- Exercise details
Look in the data below for the line that has "Kit Williams - Tripmaster", then print exactly every line from there through the line that has "photography exhibitions (1952–1964)", leaving pictures out.

- Supplied information

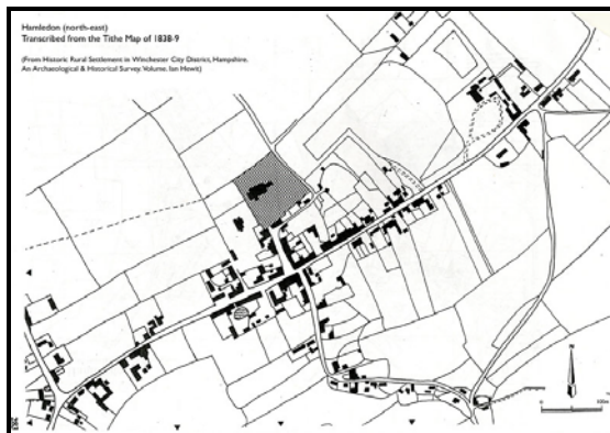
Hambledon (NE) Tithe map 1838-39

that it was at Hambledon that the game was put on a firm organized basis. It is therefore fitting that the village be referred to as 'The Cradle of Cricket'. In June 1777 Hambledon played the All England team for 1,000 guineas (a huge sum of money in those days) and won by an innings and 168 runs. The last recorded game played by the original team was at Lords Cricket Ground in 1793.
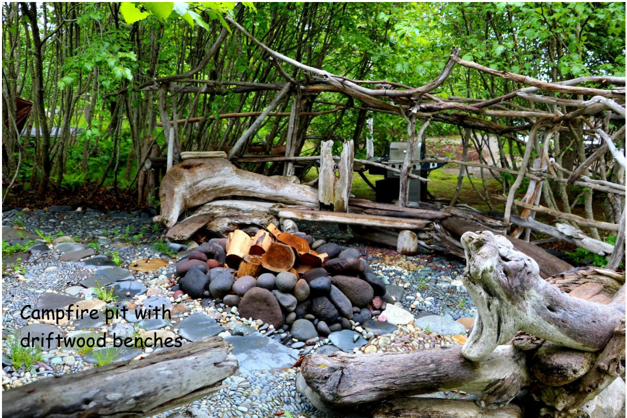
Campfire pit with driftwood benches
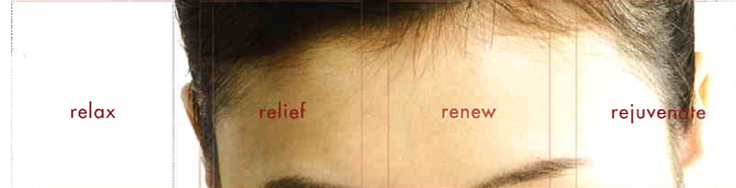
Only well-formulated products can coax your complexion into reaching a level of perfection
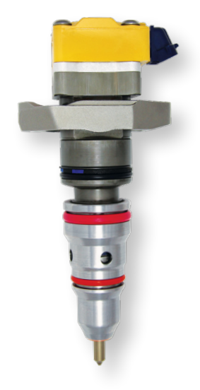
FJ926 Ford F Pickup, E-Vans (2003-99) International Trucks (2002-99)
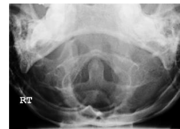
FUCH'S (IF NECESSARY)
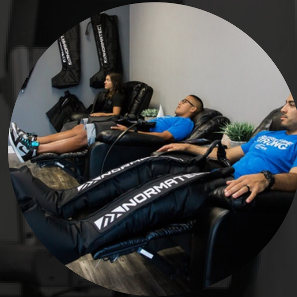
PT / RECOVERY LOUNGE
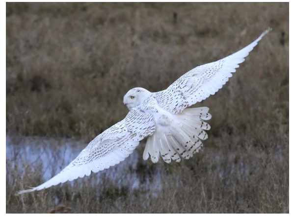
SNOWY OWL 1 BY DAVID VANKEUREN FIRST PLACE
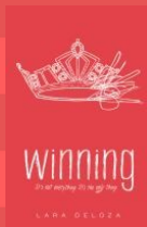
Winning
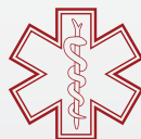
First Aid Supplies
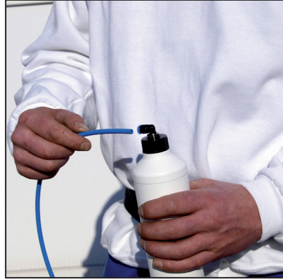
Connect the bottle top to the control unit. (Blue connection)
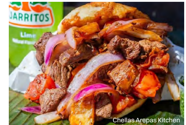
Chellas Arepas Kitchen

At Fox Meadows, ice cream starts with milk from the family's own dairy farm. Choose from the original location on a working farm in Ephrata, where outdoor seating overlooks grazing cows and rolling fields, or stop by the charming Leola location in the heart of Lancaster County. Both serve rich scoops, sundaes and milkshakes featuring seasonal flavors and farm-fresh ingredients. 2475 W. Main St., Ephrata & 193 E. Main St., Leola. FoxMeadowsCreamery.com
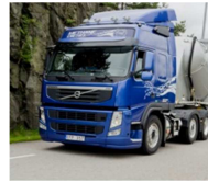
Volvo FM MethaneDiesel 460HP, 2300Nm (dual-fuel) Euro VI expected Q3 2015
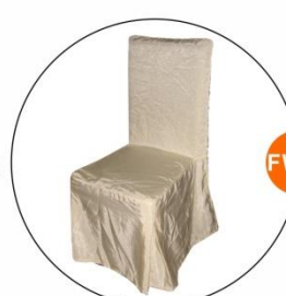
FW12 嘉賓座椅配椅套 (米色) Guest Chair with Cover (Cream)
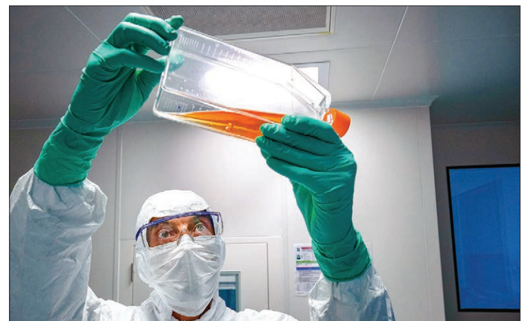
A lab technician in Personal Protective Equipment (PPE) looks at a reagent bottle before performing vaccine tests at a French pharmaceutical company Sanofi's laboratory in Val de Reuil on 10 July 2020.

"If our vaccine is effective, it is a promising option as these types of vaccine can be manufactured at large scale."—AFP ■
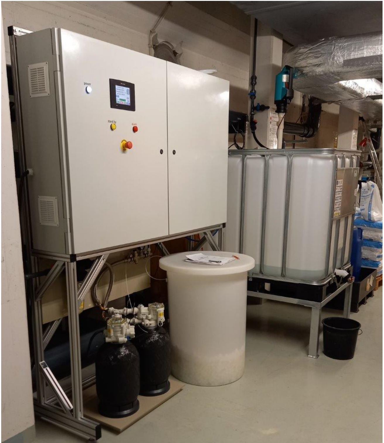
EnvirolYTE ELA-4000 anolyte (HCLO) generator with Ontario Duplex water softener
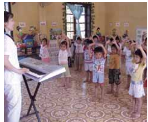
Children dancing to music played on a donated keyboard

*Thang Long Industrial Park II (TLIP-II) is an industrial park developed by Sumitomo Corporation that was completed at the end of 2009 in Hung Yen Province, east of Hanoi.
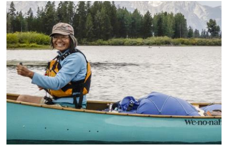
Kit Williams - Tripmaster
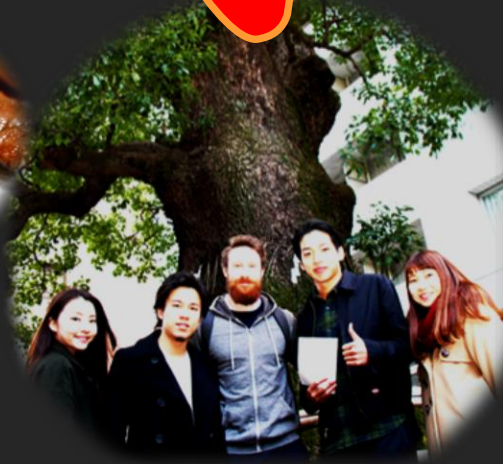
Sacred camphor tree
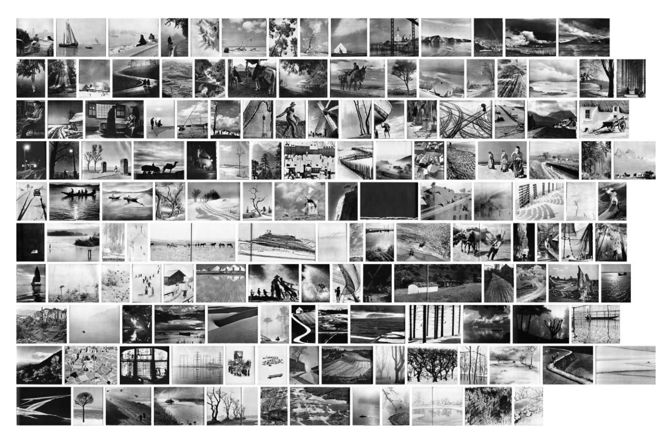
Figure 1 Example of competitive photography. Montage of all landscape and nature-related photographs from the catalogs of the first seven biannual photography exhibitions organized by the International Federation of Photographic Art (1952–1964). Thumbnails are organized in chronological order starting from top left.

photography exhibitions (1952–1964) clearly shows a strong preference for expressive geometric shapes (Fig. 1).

--

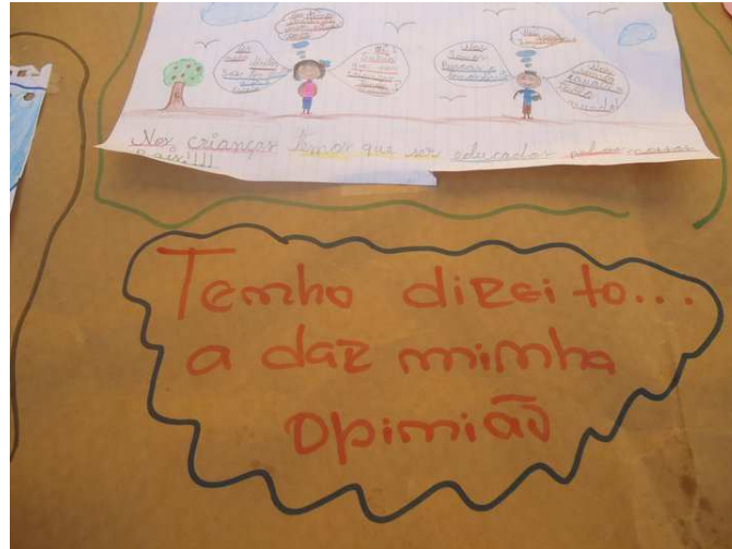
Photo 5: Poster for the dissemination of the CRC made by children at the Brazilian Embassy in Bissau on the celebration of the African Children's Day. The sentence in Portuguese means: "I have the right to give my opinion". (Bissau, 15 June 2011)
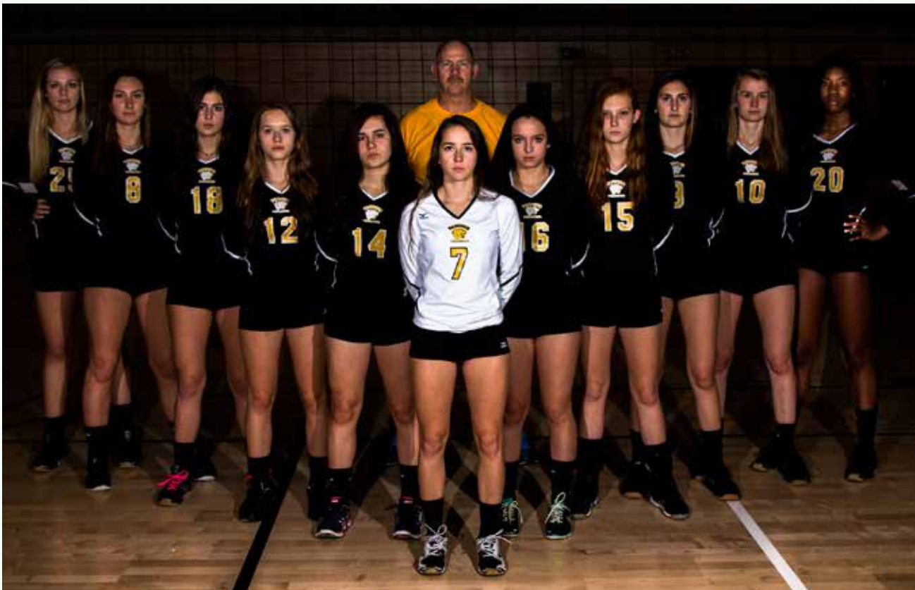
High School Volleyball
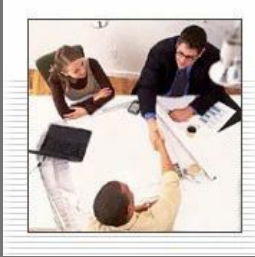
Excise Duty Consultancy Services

- Written reply
Kit Williams - Tripmaster
Sacred camphor tree
Figure 1 Example of competitive photography. Montage of all landscape and nature-related photographs from the catalogs of the first seven biannual photography exhibitions organized by the International Federation of Photographic Art (1952–1964). Thumbnails are organized in chronological order starting from top left.

photography exhibitions (1952–1964) clearly shows a strong preference for expressive geometric shapes (Fig. 1).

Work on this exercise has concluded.